John Surtees even today remains the only man to have won both motorcycling championship and Formula One titles. A spectacular racer, especially during the late 50s, Surtees dominated the ‘bigger classes.

With double World Championship titles in three consecutive seasons, from 1958 till 1960, already under his belt, Surtees left to try his hand at driving in the early 60s, at the age of 26. His stint with motorcycle racing began early, coming from a family with a tradition for motorcycle racing.

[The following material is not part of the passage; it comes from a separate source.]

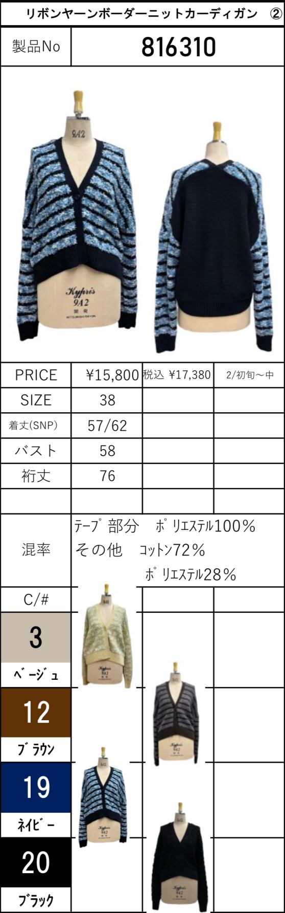 予約販売【 ayane 】リボンヤーンボーダーニットカーディガン (816310) 2月中旬頃入荷お届け
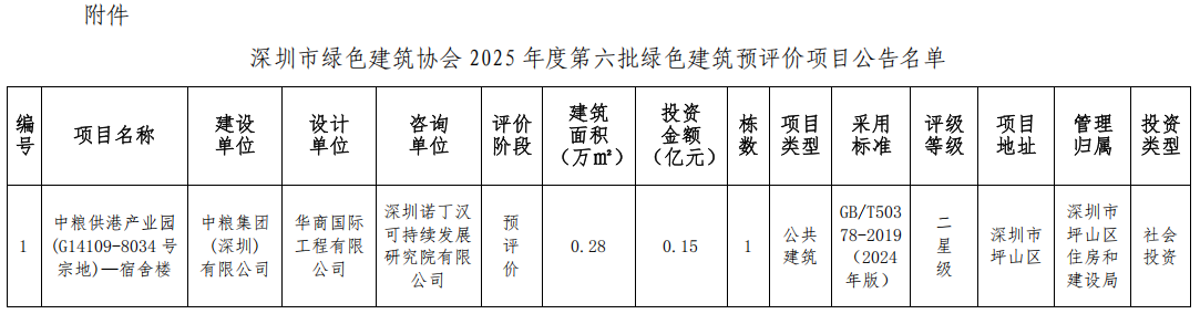 深圳市綠色建筑協(xié)會關(guān)于2025年第六批綠色建筑預(yù)評價(jià)項(xiàng)目的公告

He won his first race at the age of 14, with his father sitting in the sidecar, but the win was later nullified when his true age was discovered.

In 1951, Surtees returned to caused a sensation by giving the legendary Geoff Duke a good fight, at the young age of 17. Duke eventually won the race in an ACU International Meeting in Thruxton, but Surtees had already begun creating a name for himself.

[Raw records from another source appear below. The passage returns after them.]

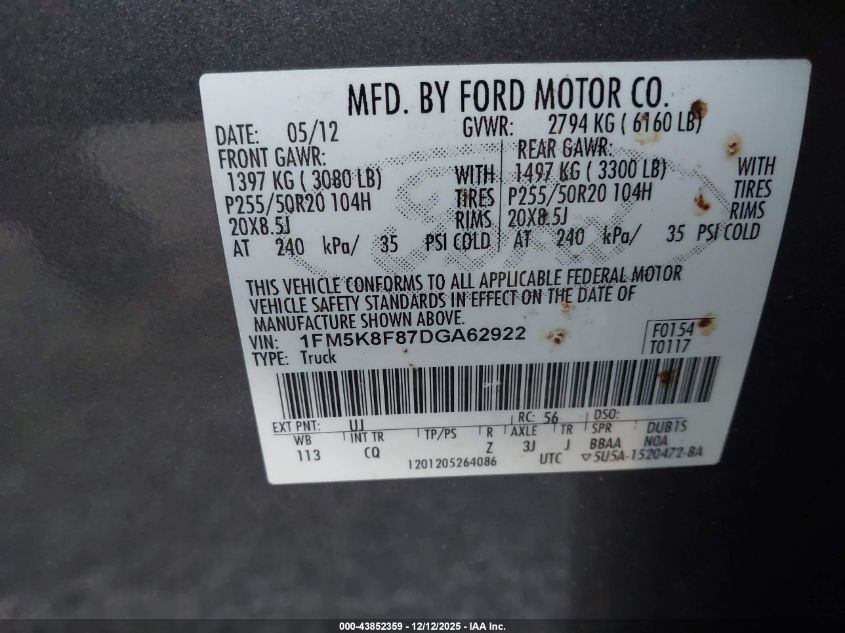 Колір СірийЦиліндри 6Привід Повний привідVIN 1FM5K8F87DGA62922Стан СтаціонарноУшкодження Звичайний знос AutoRIA
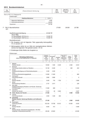 - 82 - 0512 Bundesministerium Soll Soll 2017 Ist Titel Zweckbestimmung 2018 Reste 2017 2016 Funktion 1 000 € 1 000 € 1 000 € Noch zu Titel 739 21 (Titelgruppe 02) Gesamt- Nach 2017 Vorbe- ausgaben Verausgabt übertra- Veran- halten Mehrjährige Maßnahmen des bis Bewilligt gene Aus- schlagt für (davon neue Maßnahmen in Fettdruck) Bundes 2016 2017 gabereste 2018 2019 ff 1 000 € 1 000 € 1 000 € 1 000 € 1 000 € 1 000 € 1 2 3 4 5 6 7 88. Brüssel NATO Innenausbau nationale Vertretung........................................ 2 641 2 453 188 - - - Zusammen.................................................................................... 522 875 268 892 39 000 - 37 905 177 078 Darüber hinaus sind Baumaßnahmen an folgenden Dienstorten in Planung: Tiflis, Port-of-Spain, Harare, Algier, Chisinau, London (Kanzlei und Residenz), Wien, Teheran und Den Haag (energetische Ertüchtigung Kanzlei), Djidda, Kuweit, Canberra, Erbil, Moskau, Zagreb, Pristina, Addis Abeba, Genf, Nouakchott und Rabat. Hinweise Zu Nr. 2, 6, 9, 10, 16, 18, 20, 25, 29, 33, 39, 40, 41, 43, 48, 49, 58, 63, 89: bundeseigene Liegenschaft Zu Nr. 1, 3, 4, 5, 7, 8, 11, 12, 19, 23, 45, 47, 52, 53, 57, 64, 66, 67, 68, 69, 73, 74, 88: gemietete/gepachtete Liegenschaft Zu Nr. 16: In den Gesamtausgaben des Bundes sind die Kosten für die Zwischenunterbringung in Höhe von 13.268 T€ enthalten. Zu Nr. 3, 5, 6, 7, 11, 41, 43: Es gelten die Regelungen für kleine Baumaßnahmen gem. BMF-Rundschreiben vom 17.12.2012, Gz: IIA3-H1005/12/10007. Zu Nr. 20: Gegenseitigkeitsabkommen Zu Nr. 39: Finanzierung der Maßnahme aus Erlös der Altimmobilie gemäß Haushaltsvermerk. F 811 21 Erwerb von Fahrzeugen 6 803 7 000 6 471 -021 Haushaltsvermerk: Erstattungen Dritter fließen den Ausgaben zu. Erläuterungen: Bezeichnung 1 000 € 1. Neubeschaffung nicht personenbezogene Pkw......................................................... 1 650 2. Ersatzbeschaffungen 33 personenbezogene Pkw, davon 3 Sicherheitsfahrzeuge........... 1 750 79 nicht personenbezogene Pkw, davon 4 Sicherheitsfahrzeuge... 3 753 abzgl. Mehreinnahmen bei Tit. 132 21 aus der Veräußerung von Dienst-Kfz gem. § 6 Abs. 7 HG....................................................... -500 3. Sonstiges......................................................................................... 150 Zusammen............................................................................................ 6 803 F 812 21 Erwerb von Geräten, Ausstattungs- und Ausrüstungsgegenständen für 4 957 4 500 5 659 -021 Verwaltungszwecke (ohne IT) Haushaltsvermerk: Erstattungen Dritter fließen den Ausgaben zu. Erläuterungen: Bezeichnung 1 000 € Ausstattung von 1. Kanzleien......................................................................................... 2 950 2. amtlichen Empfangsräumen............................................................ 1 307 3. anderen Dienstwohnungen............................................................. 700 Zusammen............................................................................................ 4 957 F 821 21 Erwerb von Liegenschaften im Ausland 13 795 14 193 35 802 -021 Haushaltsvermerk: 1. Die Ausgaben sind mit folgenden Titeln gegenseitig deckungsfähig: 711 21 und 739 21.
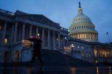 A person walks through the rain near the U.S. Capitol, in Washington, D.C., on December 22, 2022. Getty Images
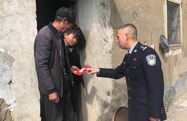 今年春节期间,为让贫困家庭过一个丰盛的新年,甘霖派出所教导员张华和管家民警费亮代表甘霖派出所向里南乡几位特困户送上民警和协辅警们的爱心捐款。
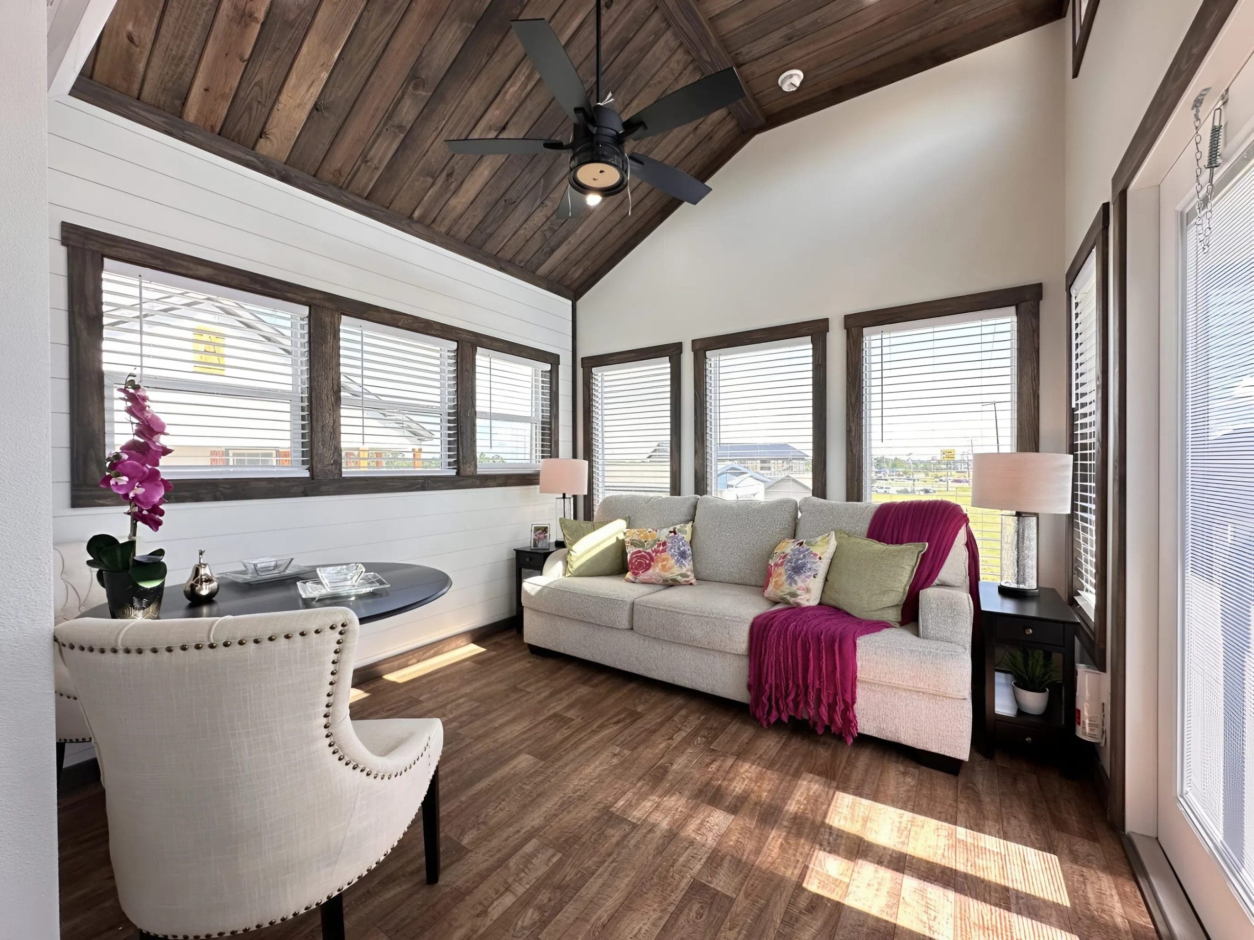 Vaulted ceiling design optimizes air circulation whereas massive home windows facilitate pure air flow throughout temperate months.
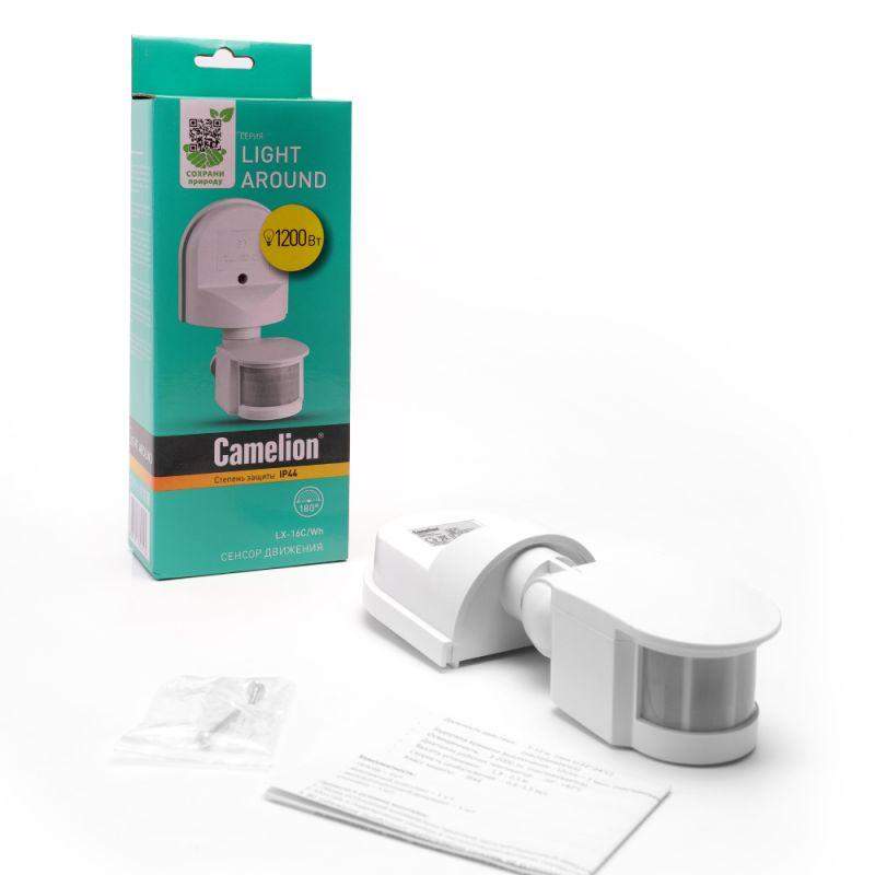 Сенсор предназначен для управления освещением и экономного использования электроэнергии при освещении. Сенсор автоматически включает свет при появлении в зоне его действия движущихся тепловых объектов (человек), а также автоматически выключает его через определенное время (согласно настройкам) при отсутствии движения объектов в зоне контроля. Camelion LX-16C/Wh, Белый (Электронный сенсор включения освещения, настенный, 180°), размер 215х90х50мм, мощность 1200/300Вт. Задержка 5сек.-9мин.

His first World Championship appearances were for Norton, but by 1956, the brand began facing financial difficulties and Surtees soon shifted to MV Agusta, which would be the start of a successful relationship.

In his very first season with MV Agusta, Surtees went on to the 1956 500cc World Championship, which was aided by the fact the Geoff Duke had been suspended from competing by the FIM, after he supported a rider’s strike. But in 1975 Surtees was nto able to defend his title, and he came in third in the premier class.

In the 1958 season, Surtees managed to get back in form and won every single 500cc and 350cc Grand Prix he participated in. He naturally and most deservingly became a double championship title holder, for the first time. To further prove his caliber, Surtees repeated this spectacular feat in the next season, making the most of the powerful MV Agusta machine.

In 1960, his final World Championship season, Surtees though not undefeated, managed to retain his double crowns and increased his count to six title wins in just three years. That season, he set another record by winning the Isle of Man TT Senior race three years in a row, after which he left motorcycle racing for Formula One.

In Formula One, Surtees once again proved himself to be a strong force by winning the 1964 F1 championship, with Ferrari, making him the only racer to win the World Championship title in both two wheels and four wheels championships. This record has not yet been broken.